When mountain biking sometimes there is a problem with the lenses fogging up when I start to slow down or stop. A real nuisance sometimes. Last night I tried an anti-fogging spray I bought for cheap at Wal-Mart. It did help but when I got real hot and started slowing down I still had some fogging issues. I might have to try another brand of anti-fog spray ( or reapply when needed ).


----------



## stuflo (Mar 10, 2011)

Never had that problem with the Oakley balistics. They're what u see the US army wearing in war zones.


----------



## JohnJ80 (Oct 10, 2008)

Absolutely. Having been whacked by a bug in the eye cured me of the notion of riding without glasses.

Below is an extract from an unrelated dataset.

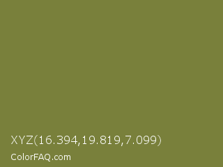 XYZ 16.394,19.819,7.099 Color is a normal yellow color and the nearest color is Old Moss Green #867e36. Hex code #79803b and RGB value is rgb(121,128,59). In RGB color space, this color is composed of 47% red, 50% green, 23% blue, In CMYK color space, this color is composed of 5% cyan, 0% magenta, 54% yellow , 50% black , In HSL color space, this color has a hue angle of 66° , 37% saturation and 37% lightness.

I wear prescription lenses, but it's largely for the reader portion. My sunglasses are Rudy Project Rydons (highly recommended cycling glasses) and they have an absolutely brilliant lens design - you can buy a version with a bifocal in it. The top part of the lens is normal and the bottom half has a diopter in it for reading magnification. I have the clear ones for night. Brilliant.

J.


----------



## StumpyandhisBike (Jun 26, 2012)

I actually use clear lens black framed 3M safety glasses for both night and day rides as they are UVA/B protectant, shatter resistant and I'm typically riding in the woods and out of direct sunlight. Though in wear them on my road rides too. They work great.


----------



## NYrr496 (Sep 10, 2008)

I need prescription glasses and love my grey polarized Wiley X Bricks. 
When I started night riding, I bought another pair with clear lenses. They're safety rated and I've had plenty of stuff bounce off em.


----------



## Maximus_XXIV (Jun 7, 2009)

I always wear glasses at night when I am riding. Bugs are attracted to lights so that is more of an issue and I want to keep my eyesight intact for awhile. I once switched lenses out but decided to make my life easier and extend the life of my sunglasses by buying a second pair with clear lenses. Now I carry a case with one pair inside and the other on my head. I swap as needed.


----------



## androgen (Apr 28, 2005)

Maximus_XXIV said:


> Now I carry a case with one pair inside and the other on my head. I swap as needed.


that is brilliant ! i didn't think of that !

of course that assumes both sunglasses fit the same case.

hm ...


----------



## edubfromktown (Sep 7, 2010)

I have a couple pairs of old Oakley Half Jacket JLJ's. I bought a pair of Walleva Polarized Transition/Photochromic Lens for Half Jacket XLJ. Primarily because at this time of year, regular sunglasses are a hindrance as it gets dark earlier in the evening. 

I've found the photochromic lenses work very well both for daylight and night rides. I still prefer darker lenses for daytime driving.


----------